Since the 2017 amendment, how might this position be different in the Cayman Islands? Two options suggest themselves. First, an easement for the use of recreational facilities could be coupled with a positive covenant to repair by the proprietor of the burdened land for the benefit of the proprietor of the benefitted land. Secondly, and alternatively, such rights of use and such obligation to repair could be incorporated in the same instrument creating a positive covenant. This alternative might be more appropriate if there were doubts about the enforceability of such an easement.
Other observations about the significance of the Cayman change
It has been observed that the 2017 amendment permitting the registration of positive covenants followed the example of jurisdictions such as Australia and New Zealand law. This observation, however, underplays the extent of the Cayman initiative. For the sake of comparison, let us take the example of the Australian state of New South Wales.
In NSW, there are two types of positive covenant: public and private. A public positive covenant is one in favour of a public authority. (One may include forestry covenants in this category.) Let us consider the private positive covenant. Significantly, it is restricted to a covenant for maintenance or repair.
Unlike the NSW private positive covenant, the Cayman positive covenant is not so restricted; it can extend to any obligation by a covenantor, including the following: to build on his land; to permit the user of his land; or to permit some other enjoyment of his land.
The importance of this difference is best illustrated by way of an example. The example that follows is taken from a recent article by a UK firm about the limitations of Regency Villas as regards what rights may constitute an enforceable easement. The article posits this question:
“I am considering purchasing the freehold of a luxury four-bedroom house set in the grounds of a beautiful country estate. I understand that the property comes with the benefit of: (i) a right to use the extensive leisure facilities including an Olympic-sized swimming pool and riding stables; and (ii) the right to use an adventure theme park within the estate. To what extent are these rights enforceable?”
It concludes that the right to use the adventure theme park could not be an enforceable easement for the following reason:
“It is highly unlikely that the right to use rides at an adventure theme park could be an easement. It would rely on the active and continuous management and operation by the owner of the servient land and it does not obviously have anything to do with the normal use of the property as a home.”
Whilst the NSW private positive covenant could not overcome this situation (as it is limited to a covenant to maintain or repair), a Cayman positive covenant could.
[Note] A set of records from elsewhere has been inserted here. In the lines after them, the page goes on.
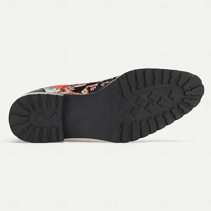 Highlights [Fabric] : Crafted from 100% premium Italian full-grain cowhide leather, these men’s ankle boots offer excellent durability and a luxurious feel. The high-quality leather ensures long-lasting wear and adds a touch of elegance to any ensemble. [Style] : These combat boots feature a vibrant black floral pattern, offering a blend of ruggedness and sophistication. The classic lace-up design provides a customizable fit, ensuring comfort and style for everyday wear. [Design Highlights] : The boots are designed with reinforced leather toe caps and heels for added robustness and protection. The sturdy rubber outsole offers exceptional slip resistance and traction, making them perfect for both urban environments and outdoor adventures. [Occasions] : Ideal for casual outings, city exploration, and outdoor activities, these versatile boots seamlessly combine fashion with functionality. They are perfect for adding a flair to any wardrobe, suitable for any occasion where style and durability are a must. [Size Range] : Available in a variety of sizes, these boots cater to a wide range of men: US8 / EU41 / UK7, US9 / EU42 / UK8, US10 / EU43 / UK9, US11 / EU44 / UK10, US12 / EU45 / UK11, and US13 / EU46 / UK12.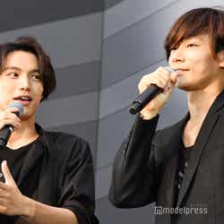 福士の話を隣で聞いてた川上は「いい奴だ」と口に。「照れますね。嬉しい」と歓喜し、「何でしょう。楽曲を褒められたことよりも、俺の横で[ALEXANDROS]を褒めてくれたことが…」と感慨ひとしおの様子。福士が「ドロスさん」と呼んだことも嬉しかったそうで、福士の肩に思わず手を当て「洋平って言ってくれても大丈夫です」と軽快なトークを披露し、双方のファンから大歓声を浴びた。
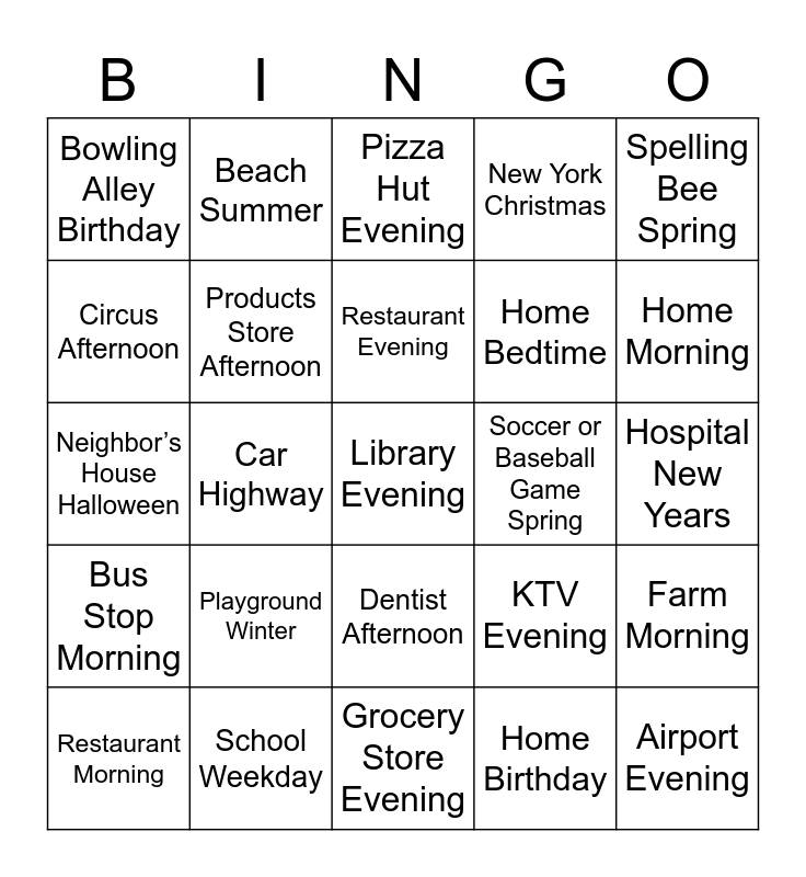This bingo card has 25 words: Playground Winter, Grocery Store Evening, Restaurant Evening, Restaurant Morning, Spelling Bee Spring, Bowling Alley Birthday, Circus Afternoon, Beach Summer, Soccer or Baseball Game Spring, Dentist Afternoon, Home Bedtime, Neighbor’s House Halloween, KTV Evening, Farm Morning, Products Store Afternoon, Airport Evening, Hospital New Years, Pizza Hut Evening, Home Morning, Car Highway, Library Evening, School Weekday, Bus Stop Morning, New York Christmas and Home Birthday.
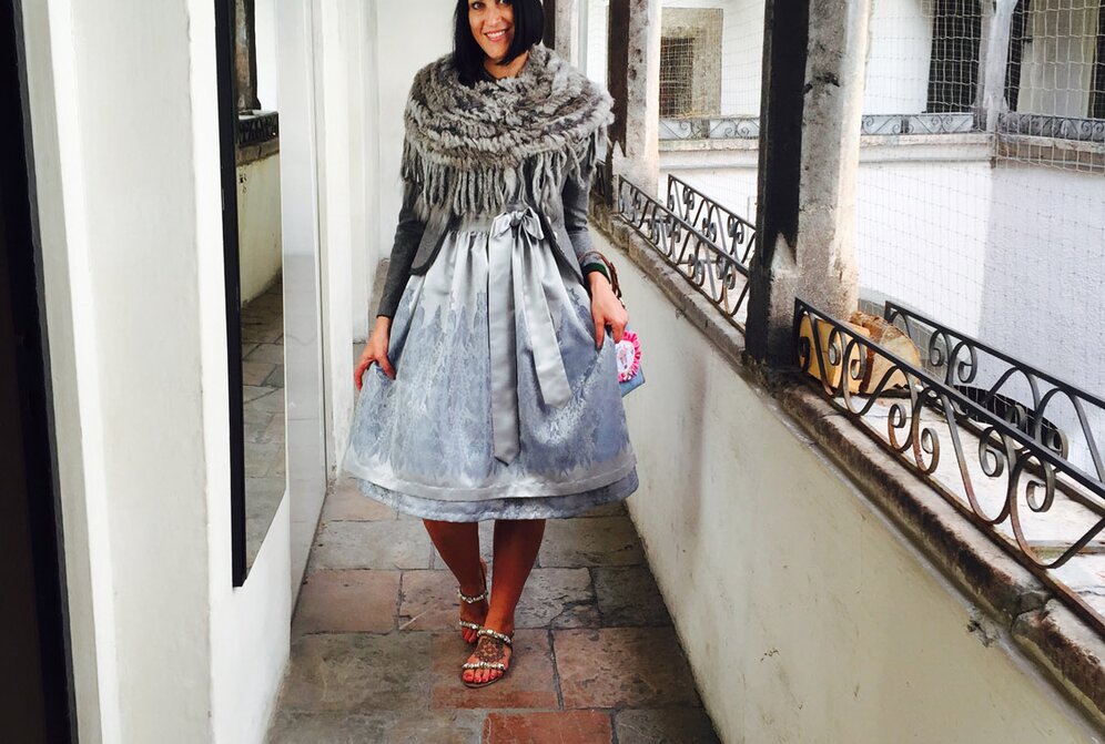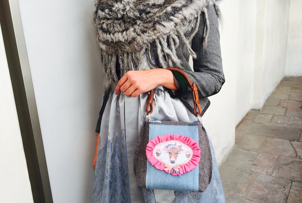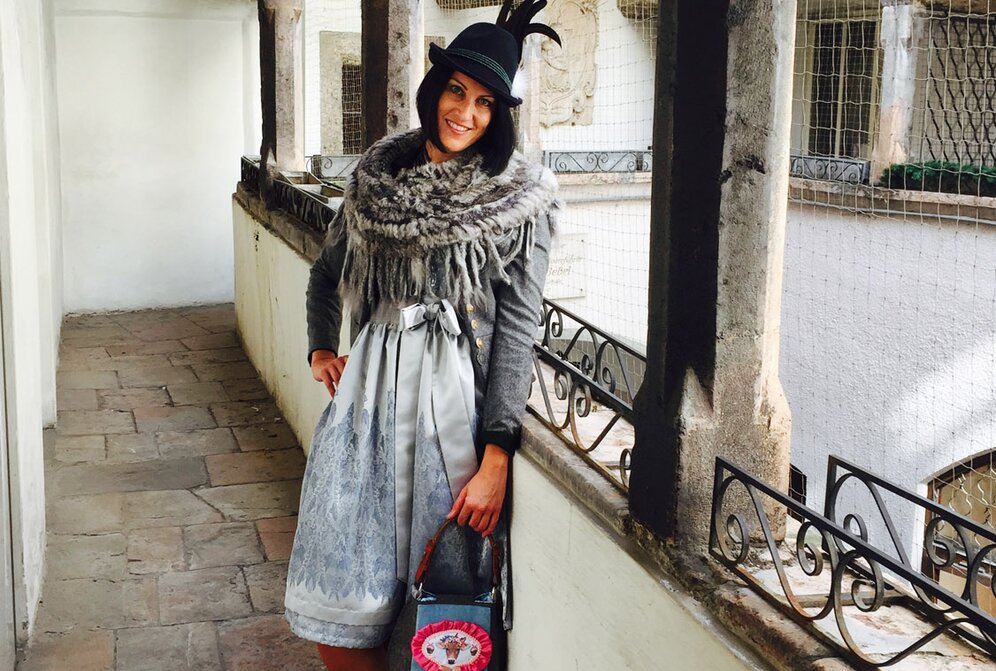 Tracht im ganz großen Stil ist im Hause Dollinger zu finden. Ich habe mich in ein wunderschönes Seidendirndl aus dem Hause Tramontana verliebt. Das Dirndl wie auch die Bluse sind mit zauberhaften Spitzendetails verarbeitet und der Unterrock lässt das Kleid perfekt fallen. Darüber trage ich eine klassische Lodenjacke und einen Überwurf aus Kaninchenfell. Besonders schön sind auch hier wieder die Accessoires – die Kropfkette, die freche Tasche und der Hut vollenden das Outfit.

If (i) the house (the benefitted land) and (ii) the land on which the amusement park was located (the burdened land) were situated in the Cayman Islands, there would be nothing to prevent proprietor of the burdened land from entering into a positive covenant under which it covenanted, for the benefit of the proprietor of the benefitted land:
- to permit the owner and occupiers for the time being of the benefitted land to have the free use and enjoyment of the amusement park; and
- to operate, and to maintain and repair, the amusement park.
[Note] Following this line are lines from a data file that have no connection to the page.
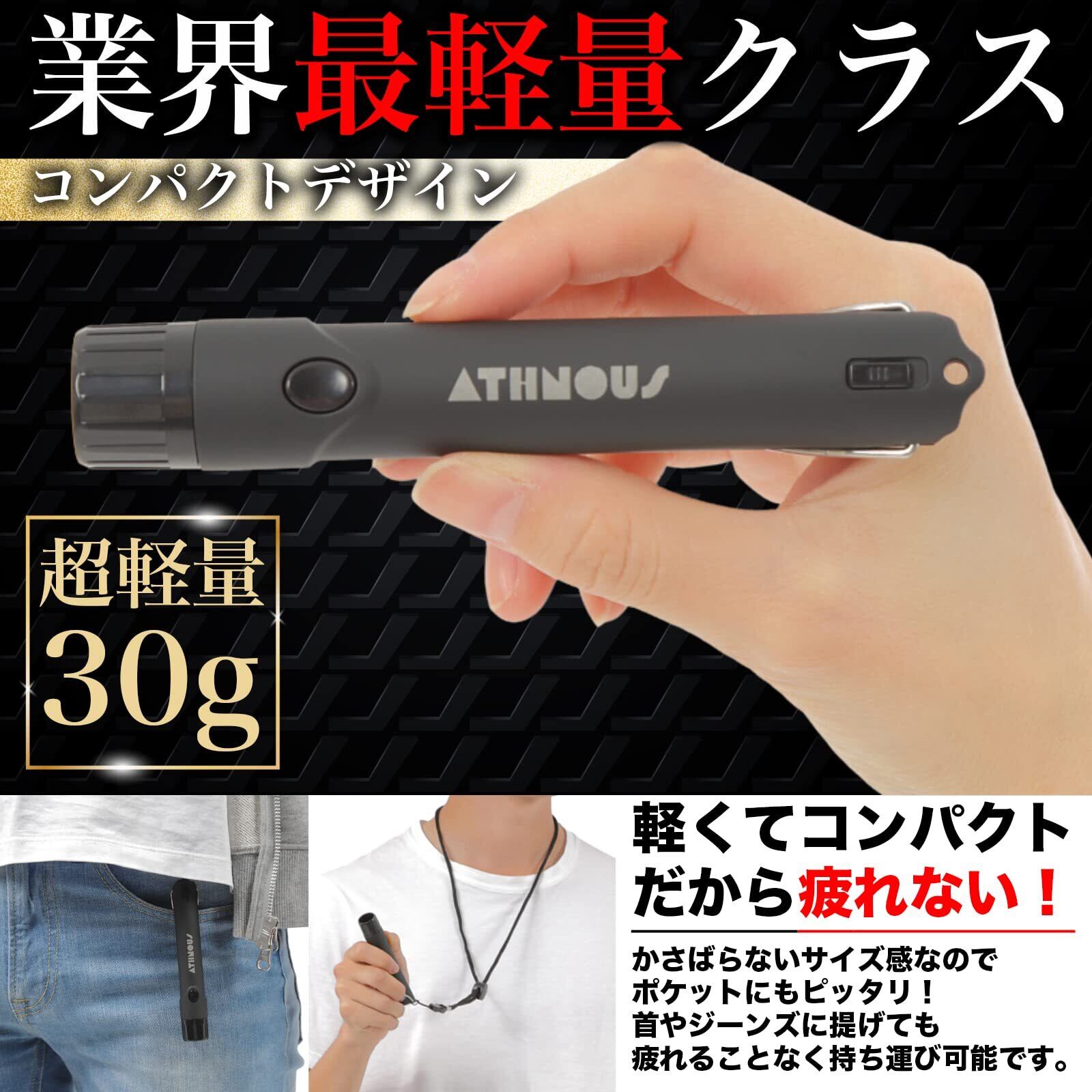 【圧倒的な軽さ】他社様の製品が70gから100gに対し、製品は電池を入れた状態でわずか30gという驚きの軽さです。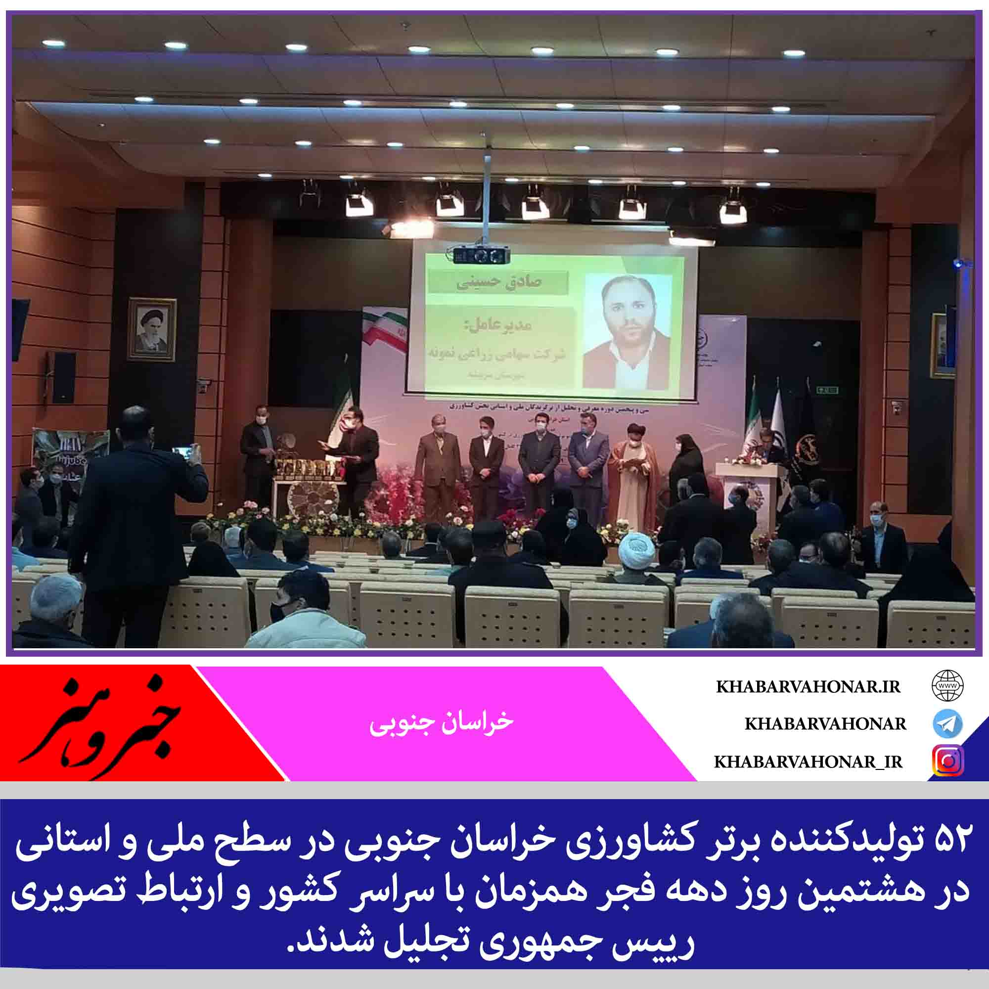 ۵۲ تولیدکننده برتر کشاورزی خراسان جنوبی در سطح ملی و استانی در هشتمین روز دهه فجر همزمان با سراسر کشور و ارتباط تصویری رییس جمهوری تجلیل شدند.
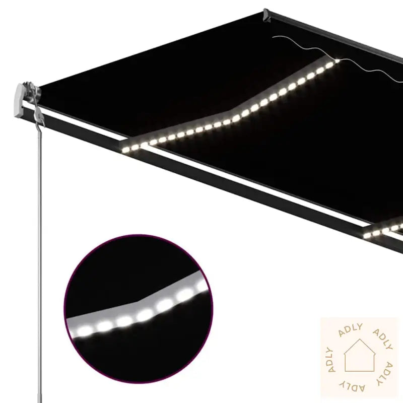 Både vinkel og høyde kan enkelt justeres etter dine egne behov, slik at du alltid får akkurat så mye skygge du ønsker. Med den lange håndsveiven kan du raskt og jevnt åpne eller trekke inn markisen når sola flytter seg eller temperaturen endrer seg. Når kvelden kommer og du vil forlenge uteoppholdet, sørger de soldrevne LED-lampene for energibesparende belysning med et koselig lys – ideelt for stemningsfulle grillkvelder eller rolig lesing ute, kanskje med en god bok fra et av husets bokhyller og stående hyller.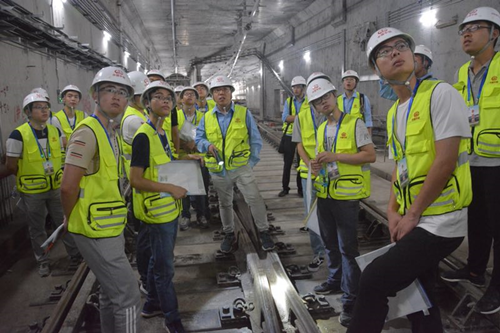 在南昌地铁2号线雅苑路地铁站(在建)工程现场,供变电、接触网、通信专业负责人结合工程实际为伟德国际体育官网师生认真讲解了供电、接触网、通信系统的系统构成、作用、主要设备、工序工艺等工程知识。

This example points to another aspect (there are others which are beyond the scope of this update) of the Cayman positive covenant: a covenant may be so burdensome that it negatively impacts on the future transferability of the covenantor’s land. In its 2011 report, the UK Law Commission referred to a concern raised by the introduction of positive obligations of “the potential for an open-ended range of obligations which overburden land”. The Cayman amendment does not address this concern; hence, it is a matter that a potential covenantor should consider with utmost care.